1. Embed this notice
   Kevin Beaumont (gossithedog@cyberplace.social)'s status on Thursday, 04-Sep-2025 03:50:06 JST Kevin Beaumont

   The lapsus guys continue to go nuts on IRC^H^H^HTelegram https://www.bbc.co.uk/news/articles/c4gqepe5355o

   • Embed this notice
     Kevin Beaumont (gossithedog@cyberplace.social)'s status on Tuesday, 02-Sep-2025 22:23:01 JST Kevin Beaumont

     Jaguar Land Rover have contained their network and stopped production after what appears to be a ransomware incident. VPNs and network border in UK all down.

   • Embed this notice
     Kevin Beaumont (gossithedog@cyberplace.social)'s status on Tuesday, 02-Sep-2025 22:32:31 JST Kevin Beaumont

     in reply to

     Jaguar Land Rover moved their cybersecurity and IT functions to TCS two years ago 🫡

   • Embed this notice
     Kevin Beaumont (gossithedog@cyberplace.social)'s status on Tuesday, 02-Sep-2025 23:27:20 JST Kevin Beaumont

     in reply to

     Jaguar Land Rover is ransomware, I can see network traffic from infrastructure used by multiple e-crime groups over the past week.
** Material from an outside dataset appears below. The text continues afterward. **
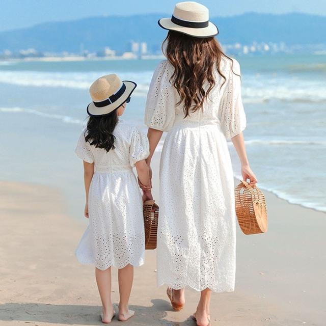 親子コーデ ワンピース レディース 白ワンピース 子供ワンピース オシャレ フリル ホワイト 白 シアー感 無地ワンピ ママ 母 キッズ 親子 シンプル 韓国 かわいい 旅行 海デート リゾート 沖縄 夏ワンピ 白ワンピース 子供 キッズ 110 120 130 140 150 S M L 2L dd025m6m6m6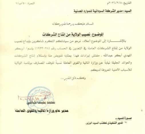 ووجهت الوزارة، عبر مكتب المدير العام، خطاباً بتاريخ 8 فبراير 2026 إلى مدير الشركة السودانية للموارد المعدنية، تطلب فيه إيداع نصيب الولاية من إنتاج شركات التعدين في حساب يتبع لموظف يدعى (أبوبكر المهدي أبكر عبدالله).

     They (JLR) appear to be doing contain to eradicate, i.e. all UK border services shut, Windows infrastructure offline etc.

   • Embed this notice
     J$ (js@mastodon.nl)'s status on Tuesday, 02-Sep-2025 23:34:24 JST J$

     in reply to

     @GossiTheDog JLR allowed Windows in their infrastructure. Those seeking to celebrate the same achievements should follow the lead.

     The rest of us: keep the leper colony at bay.

   • Embed this notice
     翠星石 (suiseiseki@freesoftwareextremist.com)'s status on Tuesday, 02-Sep-2025 23:38:26 JST 翠星石

     in reply to

     • Christoffer S.
     @nopatience @GossiTheDog Windows is not cheap - it has extremely expensive "license" fees, things break all of the time and there is also the cost of getting hit by ransomware.
     
     The cost of breaking all of microsoft's shackles over the short term just seems expensive compared to continuing to use windows.
   • Embed this notice
     Christoffer S. (nopatience@swecyb.com)'s status on Tuesday, 02-Sep-2025 23:38:28 JST Christoffer S.

     in reply to

     @GossiTheDog Cheap will almost always prevail, until it doesn't.

   • Embed this notice
     Kevin Beaumont (gossithedog@cyberplace.social)'s status on Wednesday, 03-Sep-2025 04:50:28 JST Kevin Beaumont

     in reply to

     Jaguar Land Rover latest from the outside looking in.

     AS205756 aka JAGUAR LAND ROVER AUTOMOTIVE PLC is shut down - UK network only (however it hosts their most important infrastructure).

     Staff have been told not to turn up to manufacturing facilities.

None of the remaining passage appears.